Don't leave any uneaten food laying around in there that a raccoon might like.
They'll be through that mesh in a minute!


----------



## richosullivan (Jan 23, 2017)

ZEROPILOT said:


> That's going to look good.
> Don't leave any uneaten food laying around in there that a raccoon might like.
> They'll be through that mesh in a minute!



It is coated galvanized wire, and all edges are being reinforced with the 1x2's on both sides along the edges (spoke with a person at the local feedstore, and this is what they recommended to keep the racoons out).


----------



## richosullivan (Jan 23, 2017)

I got a bunch more done this weekend, will have some updated photo's to post tonight/tomorrow.


----------



## ZEROPILOT (Jan 23, 2017)

richosullivan said:


> It is coated galvanized wire, and all edges are being reinforced with the 1x2's on both sides along the edges (spoke with a person at the local feedstore, and this is what they recommended to keep the racoons out).

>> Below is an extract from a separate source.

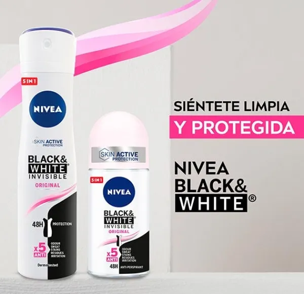 NIVEA Black & White Invisible Original Spray ofrece 48 horas de protección antitranspirante cuidando la piel.
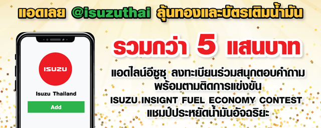 อีซูซุ (Isuzu) จัดกิจกรรมเอาใจลูกค้า กับ อีซูซุ แจกโชค! ทอง 20 บาท และบัตรเติมน้ำมันมูลค่า 1,000 บาท รวมแล้วกว่า 100 รางวัล กิจกรรมดีๆ แบบนี้ อย่ารอช้า คลิก ! https://goo.gl/YcYC7j เพื่อร่วมสนุก พร้อมติดตามการแข่งขัน แชมป์ประหยัดน้ำมันอัจฉริยะไปกับเรา

It should as long as there is no tasty food laying around.
I reported that about 7 years ago, some raccoons had started nesting in my attic. I removed them. They came back and ripped very thick plywood and shingles off of my roof and got back in.
They are very clever and very capable.
They likely won't have too much interest in the tortoises themselves.


----------



## richosullivan (Jan 24, 2017)

A few new photos - making progress


----------



## ZEROPILOT (Jan 24, 2017)

Boy, That does look nice.
If I had it all to do again. And I might! I'd go back and paint all of the wood while it was still new, because even the pressure treated stuff starts to look like crap after a few seasons in the elements.
Is it tall enough to walk around inside?


----------



## richosullivan (Jan 24, 2017)

ZEROPILOT said:


> Boy, That does look nice.
> If I had it all to do again. And I might! I'd go back and paint all of the wood while it was still new, because even the pressure treated stuff starts to look like crap after a few seasons in the elements.
> Is it tall enough to walk around inside?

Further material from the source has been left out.